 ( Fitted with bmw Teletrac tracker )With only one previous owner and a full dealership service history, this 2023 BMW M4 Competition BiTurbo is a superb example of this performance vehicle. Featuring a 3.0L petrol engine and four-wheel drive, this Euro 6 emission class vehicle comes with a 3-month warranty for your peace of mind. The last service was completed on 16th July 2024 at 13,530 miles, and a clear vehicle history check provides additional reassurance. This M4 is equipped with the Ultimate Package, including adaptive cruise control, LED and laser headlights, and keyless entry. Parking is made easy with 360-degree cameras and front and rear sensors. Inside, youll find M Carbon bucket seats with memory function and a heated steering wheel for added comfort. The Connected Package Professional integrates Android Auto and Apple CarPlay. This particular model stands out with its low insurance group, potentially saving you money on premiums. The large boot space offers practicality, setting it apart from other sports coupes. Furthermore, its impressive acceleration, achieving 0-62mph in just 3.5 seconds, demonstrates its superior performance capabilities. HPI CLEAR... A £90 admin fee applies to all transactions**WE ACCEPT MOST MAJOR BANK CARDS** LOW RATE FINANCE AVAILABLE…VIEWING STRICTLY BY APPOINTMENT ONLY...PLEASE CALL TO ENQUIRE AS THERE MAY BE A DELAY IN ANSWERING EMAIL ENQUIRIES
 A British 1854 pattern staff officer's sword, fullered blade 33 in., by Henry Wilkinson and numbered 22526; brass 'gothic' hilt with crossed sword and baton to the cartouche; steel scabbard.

---

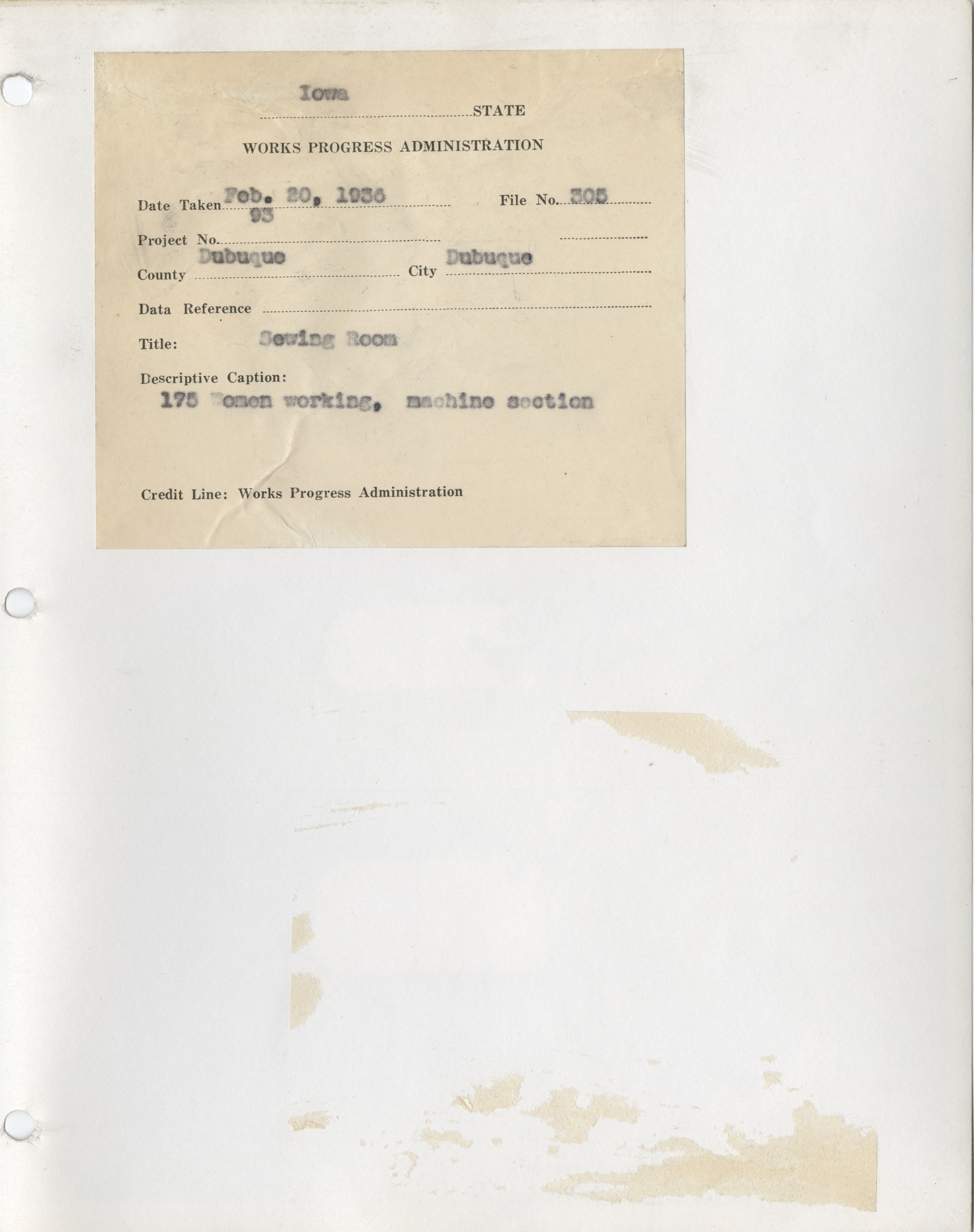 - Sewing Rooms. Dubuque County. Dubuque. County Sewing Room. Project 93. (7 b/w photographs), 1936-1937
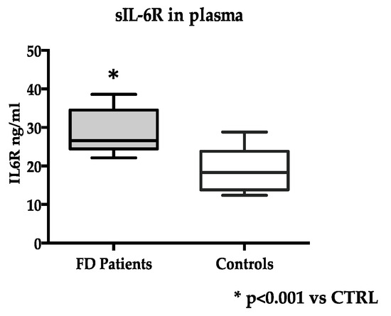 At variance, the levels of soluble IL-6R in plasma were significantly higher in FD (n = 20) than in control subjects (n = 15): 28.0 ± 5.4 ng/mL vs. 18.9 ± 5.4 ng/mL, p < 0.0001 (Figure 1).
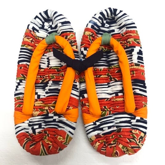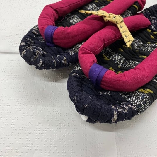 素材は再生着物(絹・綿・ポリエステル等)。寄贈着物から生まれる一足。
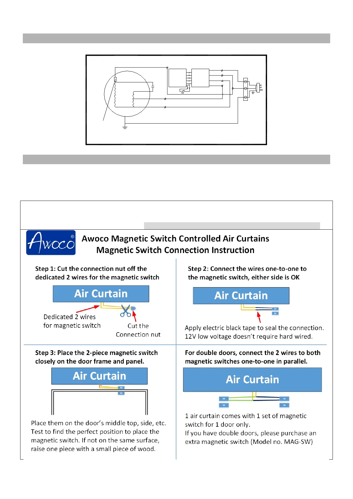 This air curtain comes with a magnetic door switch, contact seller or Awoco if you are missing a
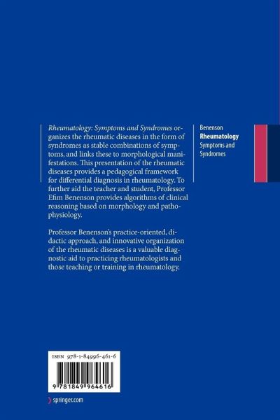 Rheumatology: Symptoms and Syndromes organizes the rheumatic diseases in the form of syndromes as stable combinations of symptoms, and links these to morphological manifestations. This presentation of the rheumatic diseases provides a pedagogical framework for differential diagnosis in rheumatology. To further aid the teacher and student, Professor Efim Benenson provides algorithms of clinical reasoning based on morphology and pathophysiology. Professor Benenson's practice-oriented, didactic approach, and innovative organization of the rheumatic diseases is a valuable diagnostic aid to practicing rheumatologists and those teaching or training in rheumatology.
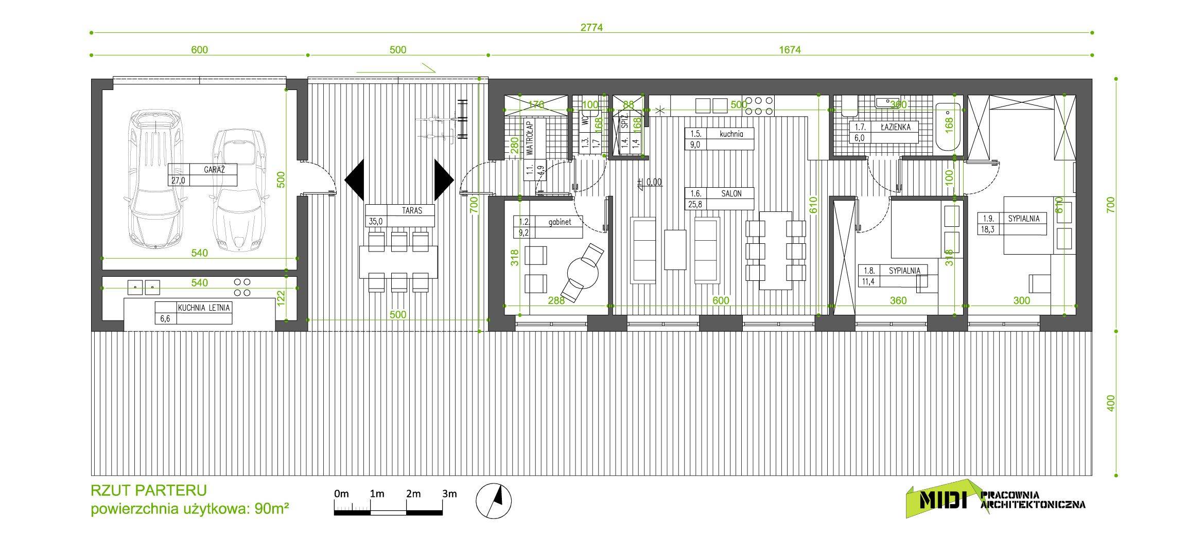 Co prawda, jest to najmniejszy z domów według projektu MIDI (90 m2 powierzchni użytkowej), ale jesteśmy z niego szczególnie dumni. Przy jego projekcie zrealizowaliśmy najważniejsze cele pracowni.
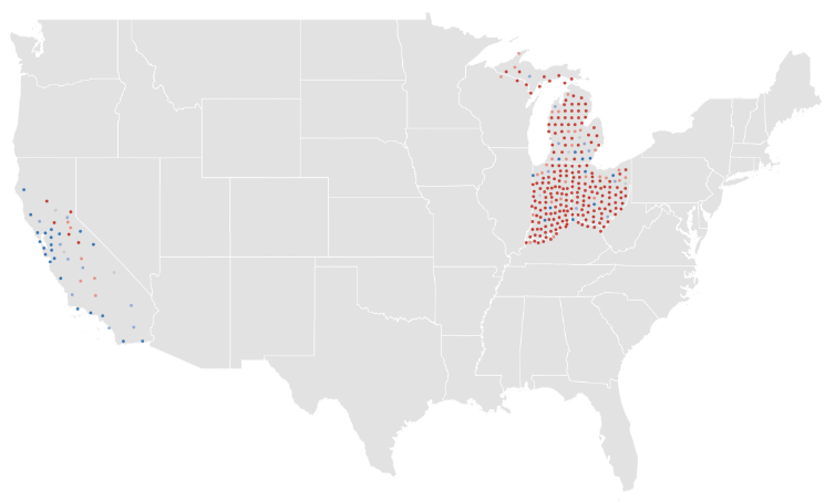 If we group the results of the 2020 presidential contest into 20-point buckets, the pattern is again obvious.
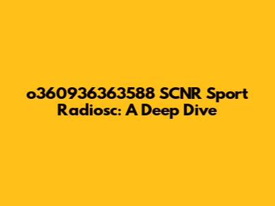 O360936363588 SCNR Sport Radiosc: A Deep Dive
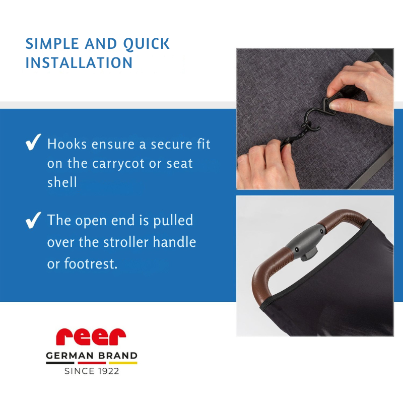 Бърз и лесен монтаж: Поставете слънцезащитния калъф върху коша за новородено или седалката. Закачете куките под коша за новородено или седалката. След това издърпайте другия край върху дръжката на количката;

### Exercise objective
Pictures excluded, reproduce only the part above that opens with the line holding "At variance, the" and closes with the line holding "This air curtain", exactly as written.

### Response for this exercise
 At variance, the levels of soluble IL-6R in plasma were significantly higher in FD (n = 20) than in control subjects (n = 15): 28.0 ± 5.4 ng/mL vs. 18.9 ± 5.4 ng/mL, p < 0.0001 (Figure 1).
 素材は再生着物(絹・綿・ポリエステル等)。寄贈着物から生まれる一足。
 This air curtain comes with a magnetic door switch, contact seller or Awoco if you are missing a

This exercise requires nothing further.